-- Source records --
◇ ◇ ◇

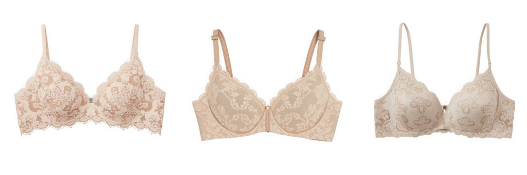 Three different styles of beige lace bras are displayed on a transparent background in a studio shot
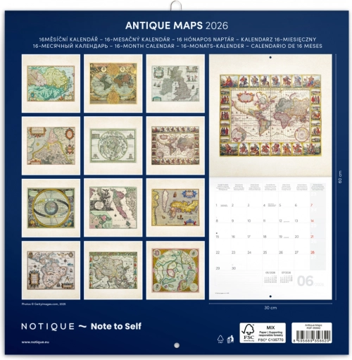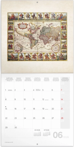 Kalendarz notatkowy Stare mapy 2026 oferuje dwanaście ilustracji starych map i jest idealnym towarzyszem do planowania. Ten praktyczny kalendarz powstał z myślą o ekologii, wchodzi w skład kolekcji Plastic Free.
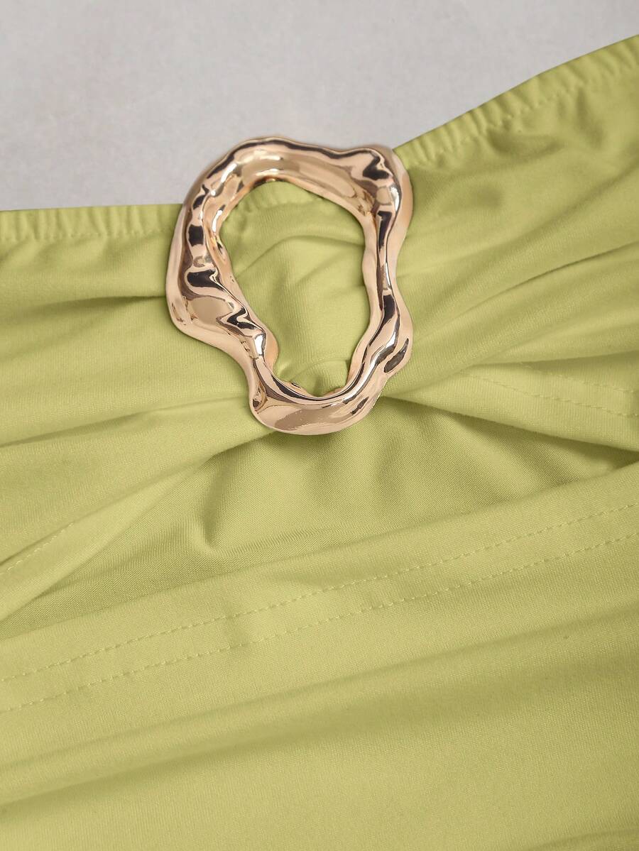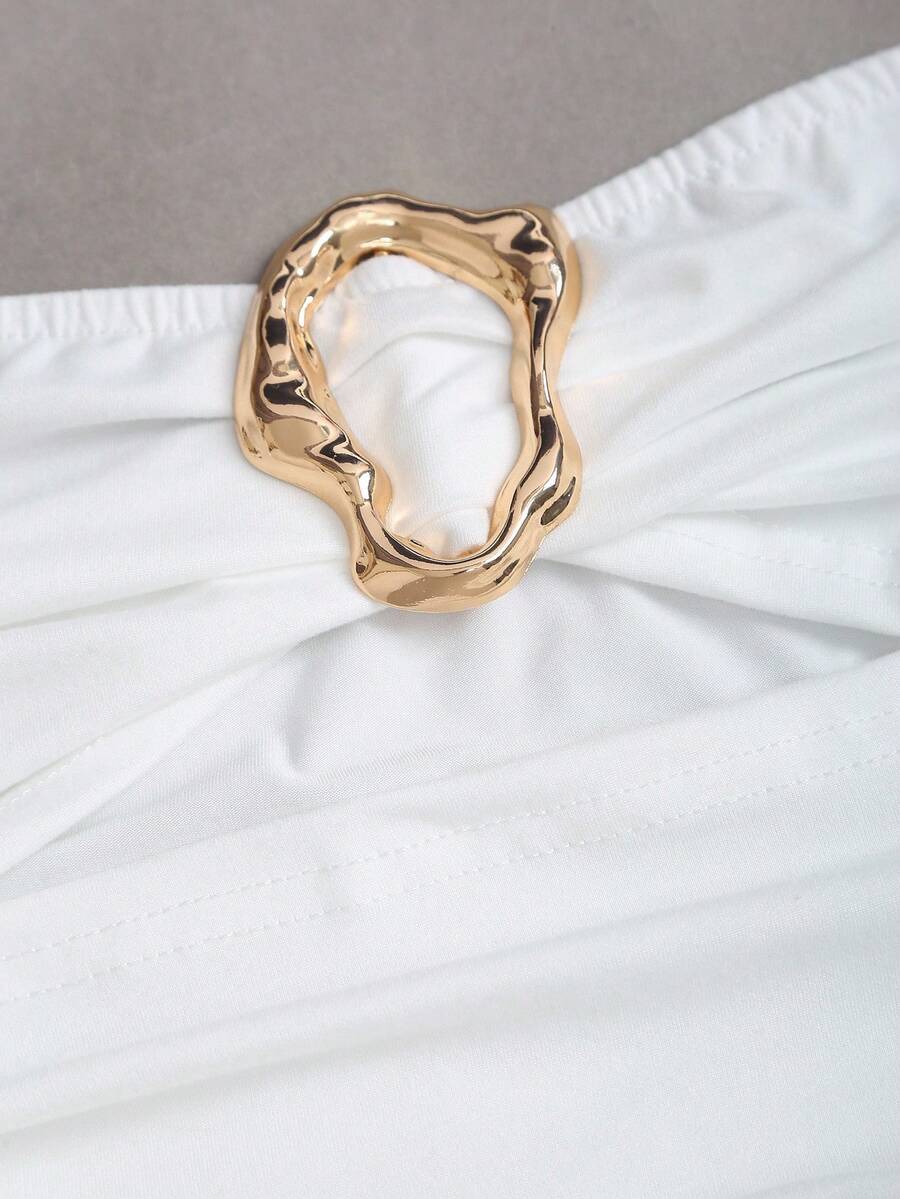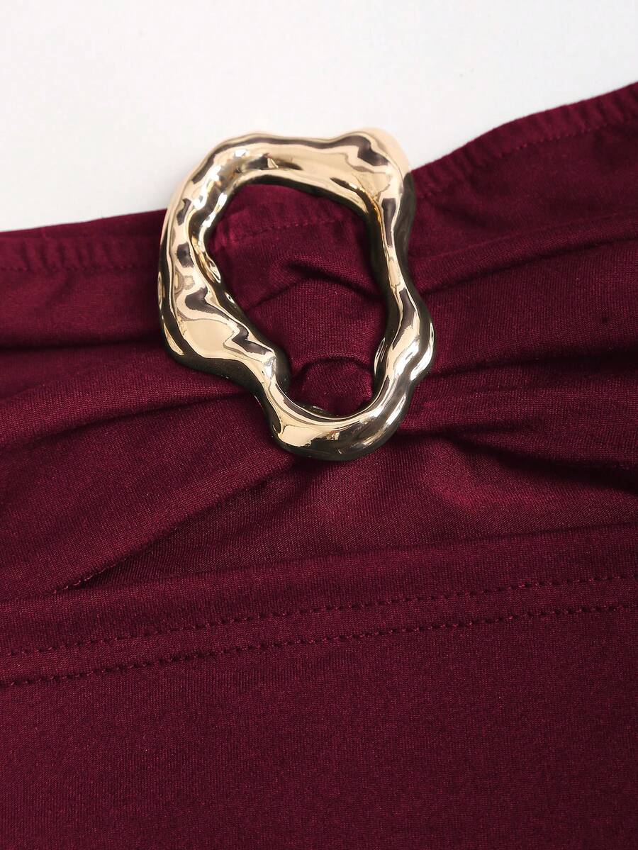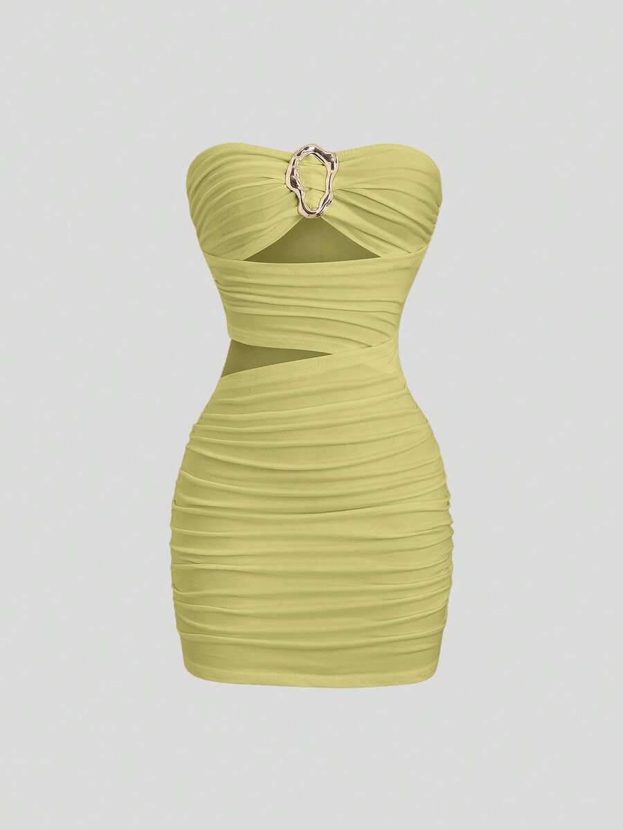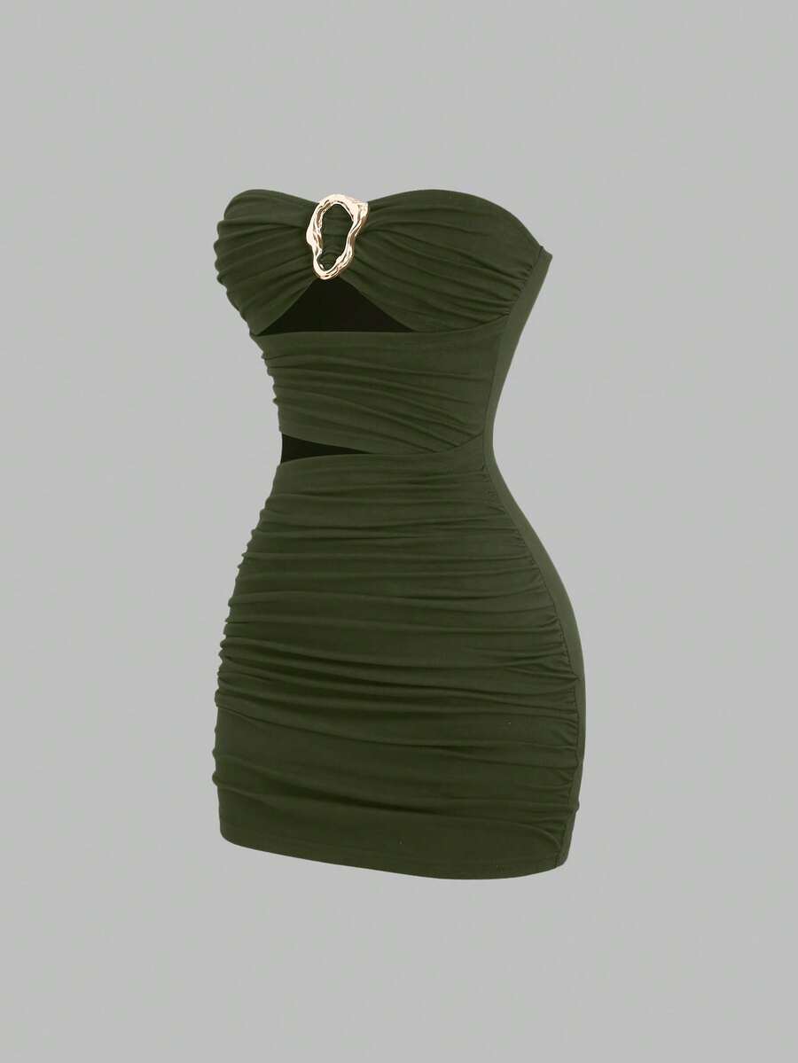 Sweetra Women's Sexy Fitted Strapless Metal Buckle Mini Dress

◇ ◇ ◇

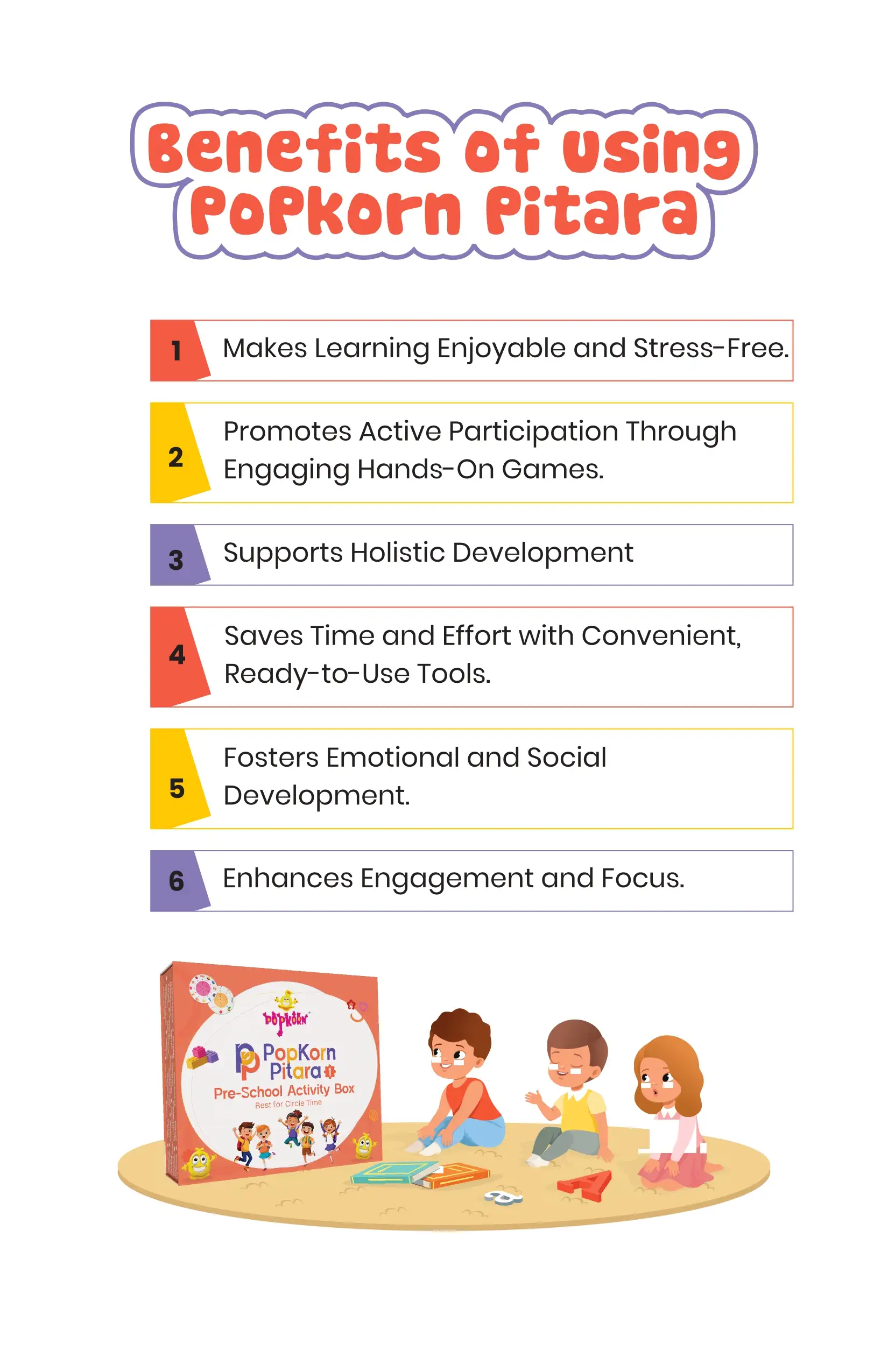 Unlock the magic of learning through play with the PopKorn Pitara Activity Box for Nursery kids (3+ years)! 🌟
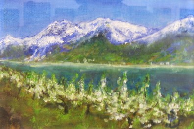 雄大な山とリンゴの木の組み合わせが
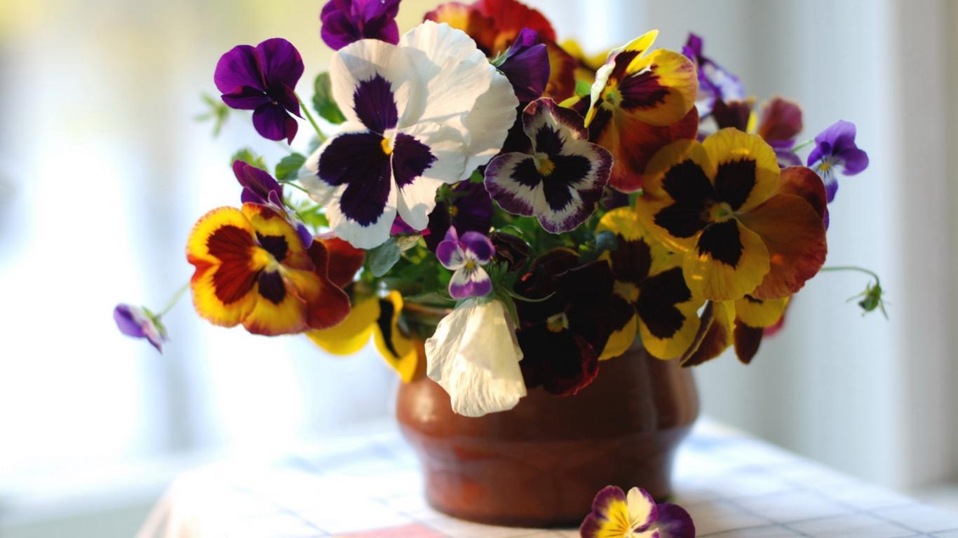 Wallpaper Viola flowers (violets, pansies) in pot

◇ ◇ ◇

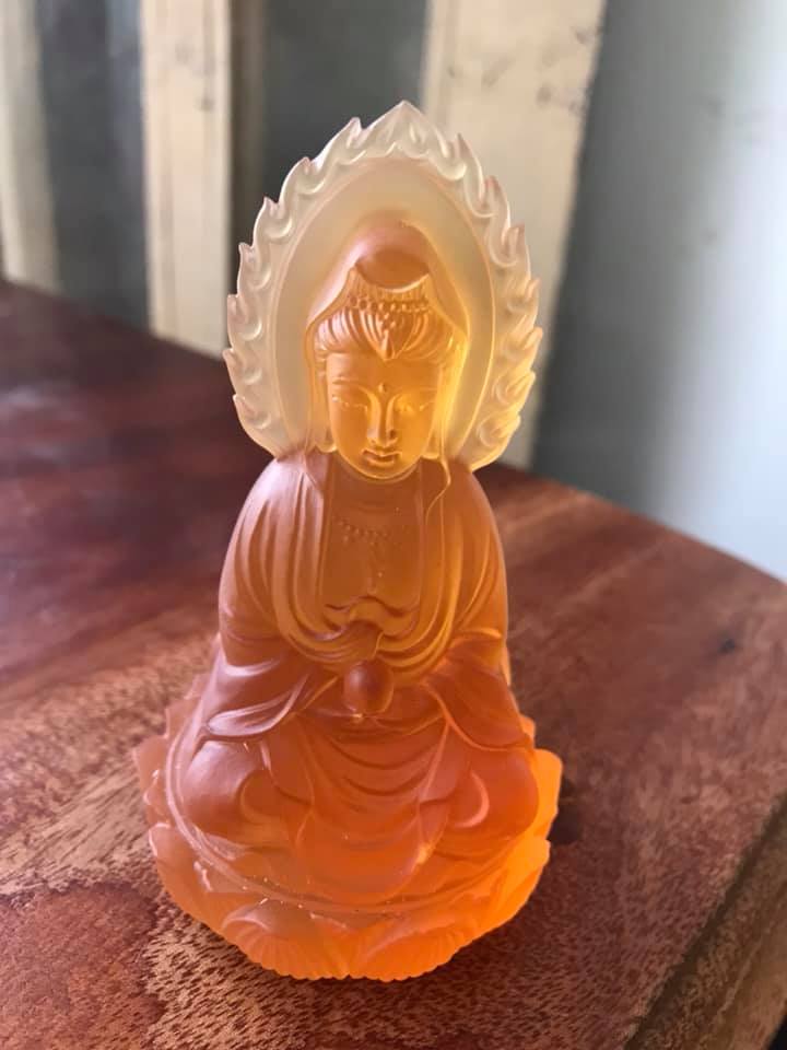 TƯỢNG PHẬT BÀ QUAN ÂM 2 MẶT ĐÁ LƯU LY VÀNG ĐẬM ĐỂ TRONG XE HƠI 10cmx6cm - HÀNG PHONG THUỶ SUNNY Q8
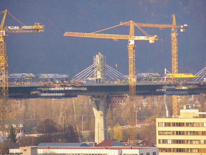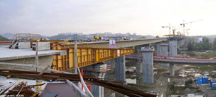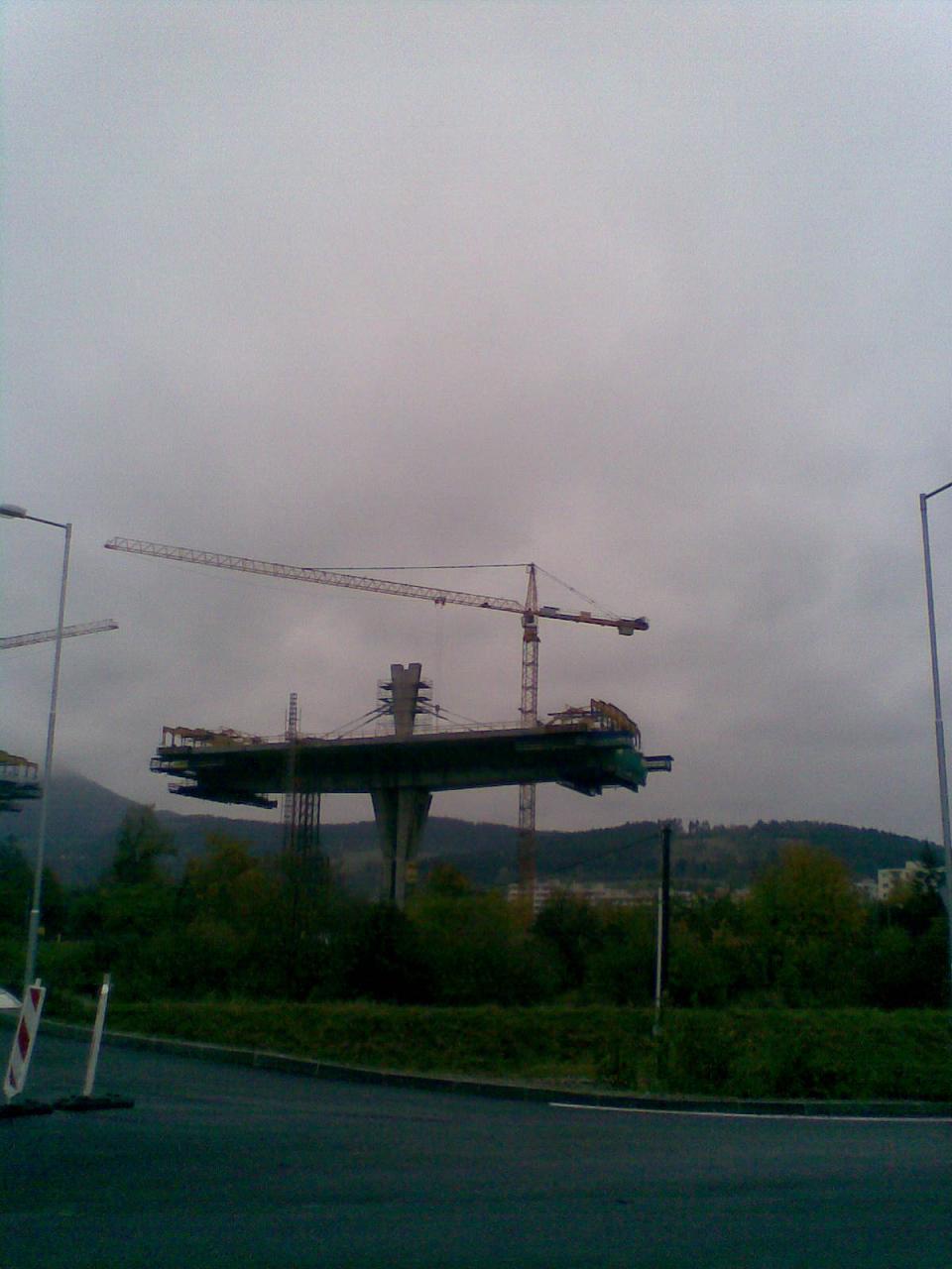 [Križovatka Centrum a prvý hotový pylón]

◇ ◇ ◇

-- Problem --
The lines to set down run from the line with "Three different styles" up to and including the line with "Sweetra Women's Sexy" in the entries above. Reproduce them exactly, with no pictures.

-- Response area --
 Three different styles of beige lace bras are displayed on a transparent background in a studio shot
 Kalendarz notatkowy Stare mapy 2026 oferuje dwanaście ilustracji starych map i jest idealnym towarzyszem do planowania. Ten praktyczny kalendarz powstał z myślą o ekologii, wchodzi w skład kolekcji Plastic Free.
 Sweetra Women's Sexy Fitted Strapless Metal Buckle Mini Dress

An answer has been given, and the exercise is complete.